摘要:为了解决镁基骨植入物降解速度过快和生物相容性不足的问题,在AZ31合金表面制备了多酚(EGCG)诱导羟基磷灰石(HA)涂层。深入分析了涂层的理化性能和耐蚀性,并初步探讨了其体外生物相容性。结果表明,在AZ31上构建的多酚(EGCG)转化膜可以通过酚羟基与钙离子的络合,成功诱导HA的形成。电化学实验和长期浸渍实验表明,EGCG/HA复合涂层的耐腐蚀性能明显提高。AZ31 - EGCG/HA的自腐蚀电流密度、析氢量和pH值的升高均显著低于AZ31。复合涂层在抑制基体过度腐蚀的基础上,显著提高了成骨前细胞的相容性,支持成骨前细胞的粘附和扩散,有效降低溶血率至5%以下。该涂层制备方法简单,成本低,适用于复杂形状表面,可显著提高AZ31基材的耐腐蚀性和生物相容性。为镁基骨植入物的表面改性提供了一种解决方案。

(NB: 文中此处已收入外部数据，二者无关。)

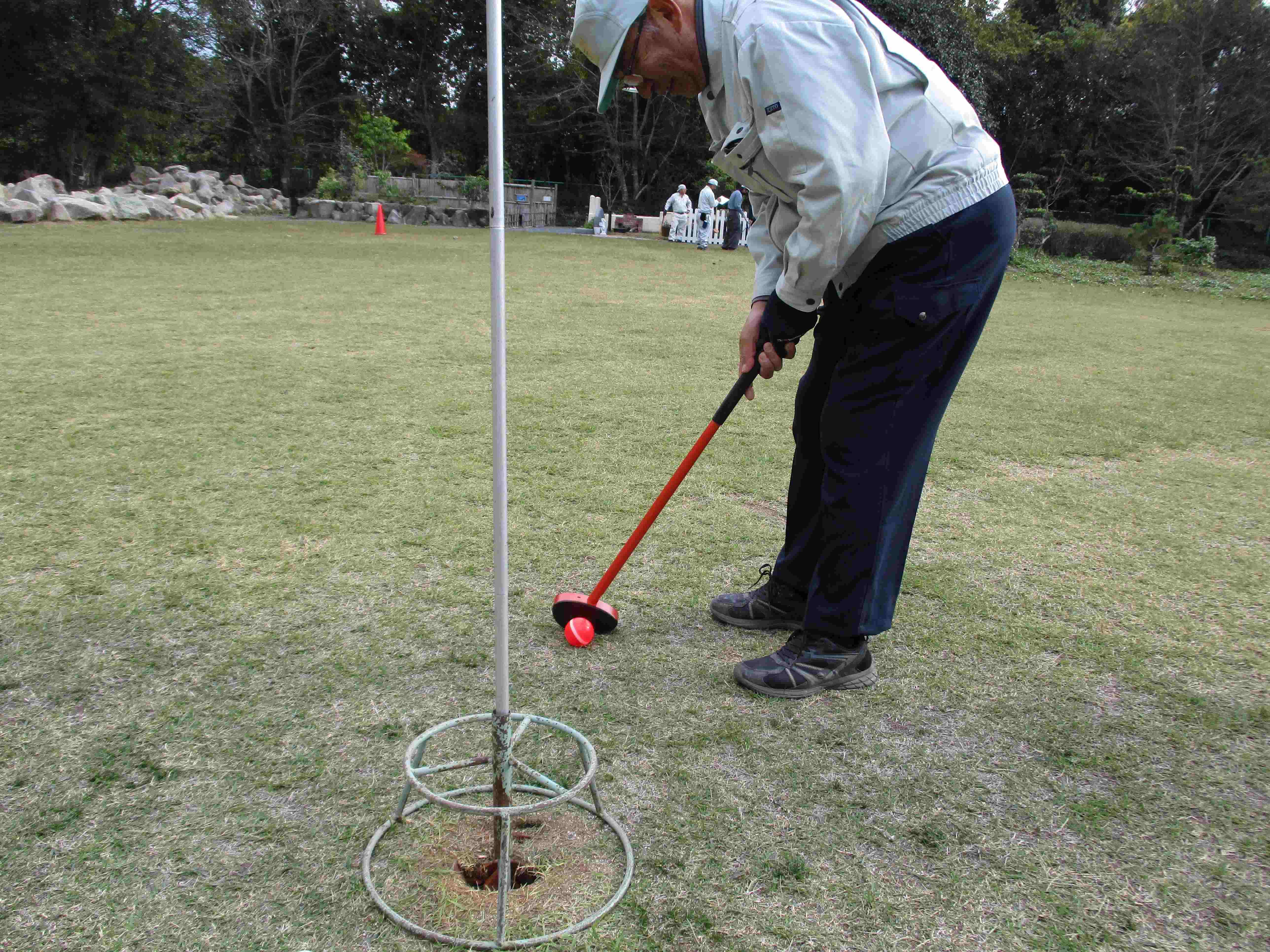 当校において初めての試みとしてガーデンエクステリア科、オフィスビジネス科合同でグラウンドゴルフ大会を開催しました。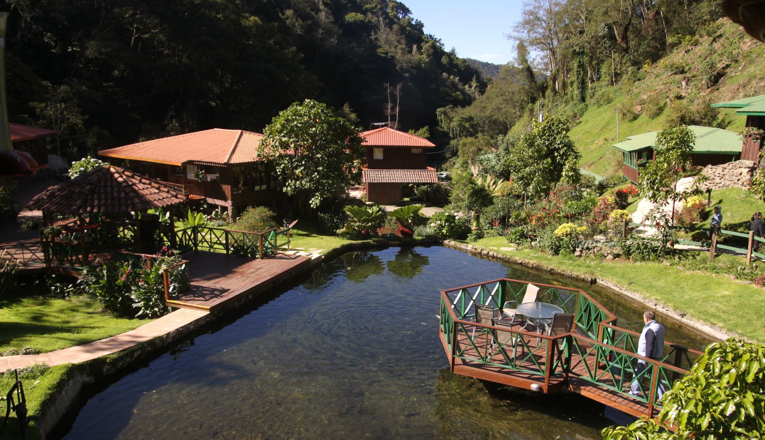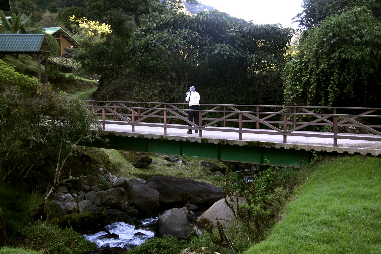 Bei der Einfahrt zur Lodge hielten wir kurz an, da einige Vögel herumflatterten, die wir von der Brücke über den Savegre River gut beobachten konnten. |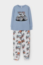 Комплект хлопковой пижамы из джемпера и брюк. Джемпер свободного кроя дополнен эластичной горловиной и манжетами. Брюки среднего объема, эластичный пояс обеспечит комфорт и идеальную посадку. По низу брюк эластичные манжеты.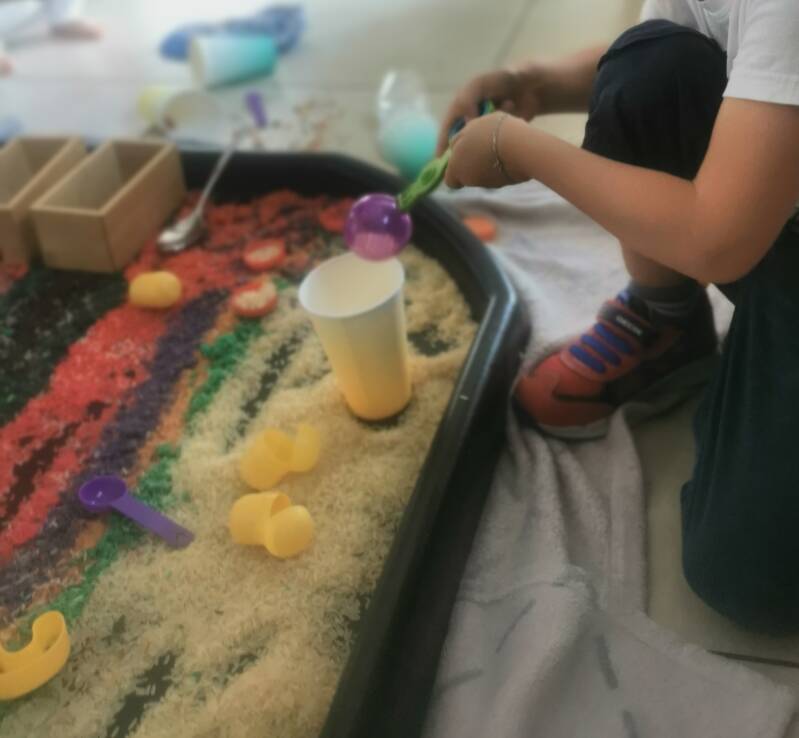 Pour coloré du riz : la veille de l'activité mettre du riz dans des sachets plastique et ajouter la peinture de la couleur souhaitée bien mélanger puis placer sur du papier cuisson pour que le riz sèche.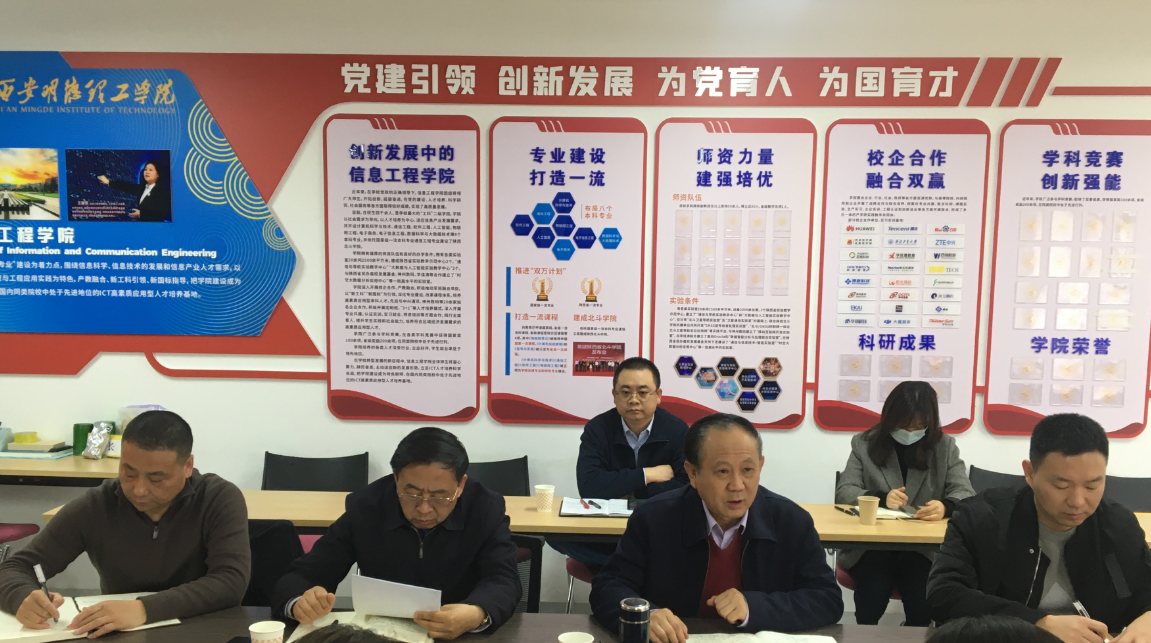 信息工程学院领导班子围绕学院基本情况、专业建设、课程建设、师资队伍、实验室建设、产业学院,党建和学生等工作,以及学院在“十四五”时期,合格评估来临之际面临的机遇与挑战等作深入详细汇报。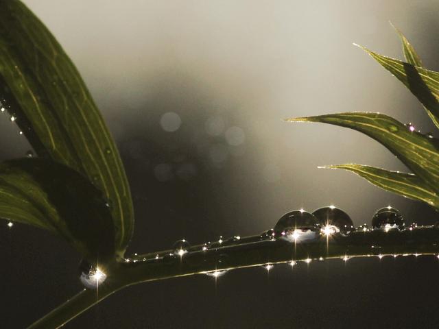 Обои Блестящие капли росы на ветке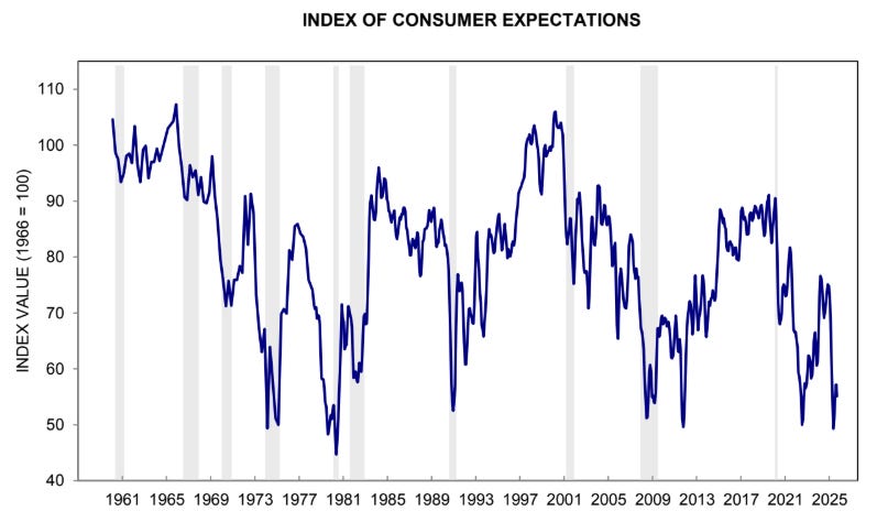 There are two aspects that grabbed my attention. The first is the most obvious: Namely, that consumer expectations are at levels previously only seen during, or soon after, outright recessions.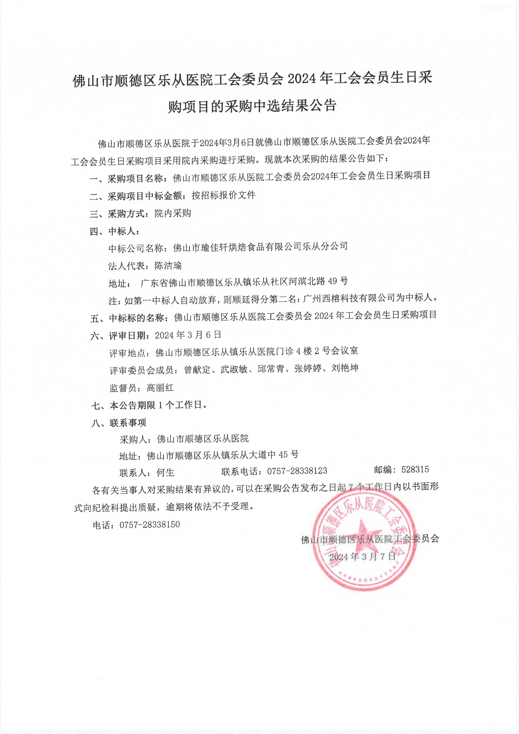 樂從醫(yī)院工會(huì)委員會(huì)2024年工會(huì)會(huì)員生日采購項(xiàng)目的院內(nèi)采購結(jié)果公告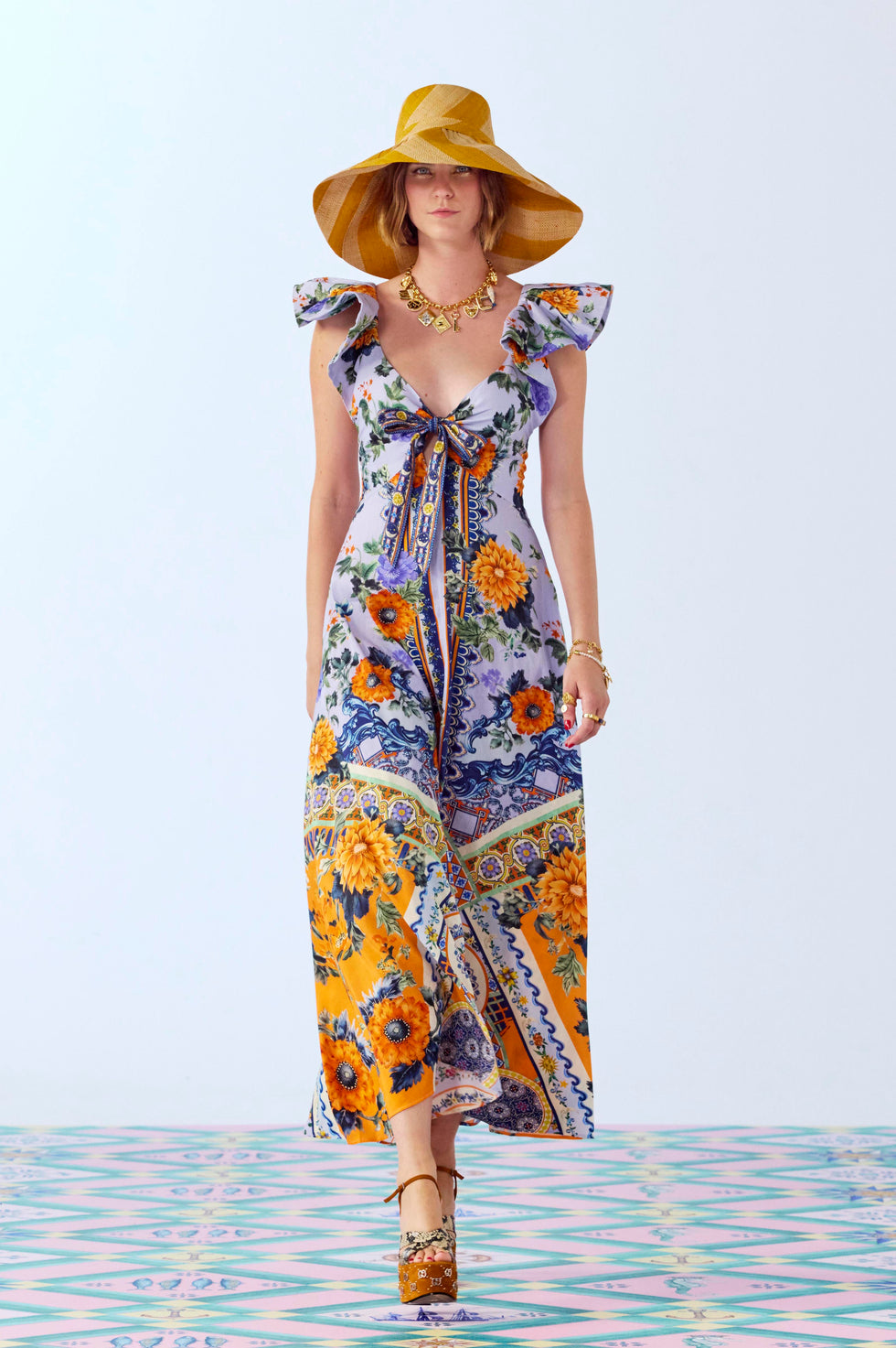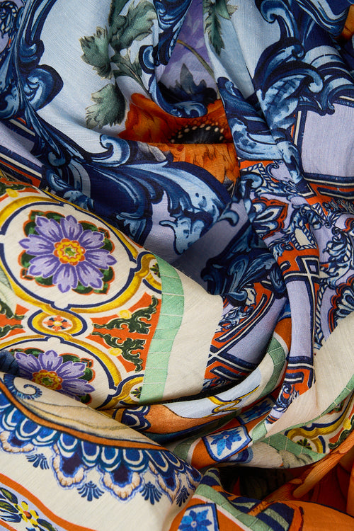 Designed in Australia, the Luscious In Lisbon Puff Sleeve Shirt Dress renders tiles as stories - orange florals bloom upon a lavender haze, a canvas of vibrant ceramic artistry that echoes a timeless imagination. Lovingly handcrafted, this puff sleeve shirt dress is a celebration of feminine style. A relaxed fit and shorter length combined with a tiered skirt and voluminous puff sleeves create a playful silhouette.

本文章由计算机程序翻译,如有差异,请以英文原文为准。
查看原文
分享 分享
微信好友 朋友圈 QQ好友 复制链接
本刊更多论文
A polyphenol‐induced hydroxyapatite coating modulates corrosion resistance and biocompatibility of magnesium alloys
Abstract In order to solve the problem of excessive degradation rate and insufficient biocompatibility of magnesium‐based bone implants, a polyphenol (EGCG) induced hydroxyapatite (HA) coating was prepared on the surface of AZ31 alloy. The physical and chemical properties and corrosion resistance of the coating were analysed in depth, and its biocompatibility was preliminarily explored in vitro. The results showed that the polyphenol (EGCG) conversion coating constructed on the AZ31 could successfully induce the formation of HA by complexing the phenolic hydroxyl group with calcium ions. The electrochemical and long‐term immersion experiments showed that the corrosion resistance of EGCG/HA composite coating was significantly improved. The self‐corrosion current density, hydrogen evolution and the increase of pH value of AZ31‐EGCG/HA were significantly lower than those of AZ31. On the basis of inhibiting the excessive corrosion of the substrate, the composite coating significantly improves the compatibility of pre‐osteoblasts, supports the adhesion and spreading and effectively reduces the haemolysis rate to less than 5%. The preparation method of the coating is simple, low cost and suitable for complex shape surfaces, which can significantly improve the corrosion resistance and biocompatibility of the AZ31 substrate. It is expected to provide a solution for the surface modification of magnesium‐based bone implants.
求助全文
通过发布文献求助,成功后即可免费获取论文全文。 去求助
来源期刊
Biosurface and Biotribology
Biosurface and Biotribology Engineering-Mechanical Engineering
CiteScore
1.70
自引率
0.00%
发文量
27
审稿时长
11 weeks
期刊最新文献
Protein hydrogels for biomedical applications Flow field characteristics and drag reduction performance of high–low velocity stripes on the biomimetic imbricated fish scale surfaces Advancements and challenges in bionic joint lubrication biomaterials for sports medicine Biofunctionalisation strategies of material surface and the inspired biological effects for bone repair Enhancing the biological functionality of poly (lactic-co-glycolic acid) cage-like structures through surface modification with micro- and nano-sized hydroxyapatite particles
×
引用
GB/T 7714-2015
复制
MLA
复制
APA
复制
导出至
BibTeX EndNote RefMan NoteFirst NoteExpress
×
×
提示
您的信息不完整,为了账户安全,请先补充。
现在去补充
×
提示
您因"违规操作"
具体请查看互助需知
我知道了
×
提示
现在去查看 取消
×
提示
确定
0
微信
客服QQ
Book学术公众号 扫码关注我们
反馈
×
意见反馈
请填写您的意见或建议
请填写您的手机或邮箱
已复制链接
已复制链接
快去分享给好友吧!
我知道了
×
扫码分享
扫码分享
Book学术官方微信
Book学术文献互助
Book学术文献互助群
群 号:481959085
Book学术
文献互助 智能选刊 最新文献 互助须知 联系我们:info@booksci.cn
Book学术提供免费学术资源搜索服务,方便国内外学者检索中英文文献。致力于提供最便捷和优质的服务体验。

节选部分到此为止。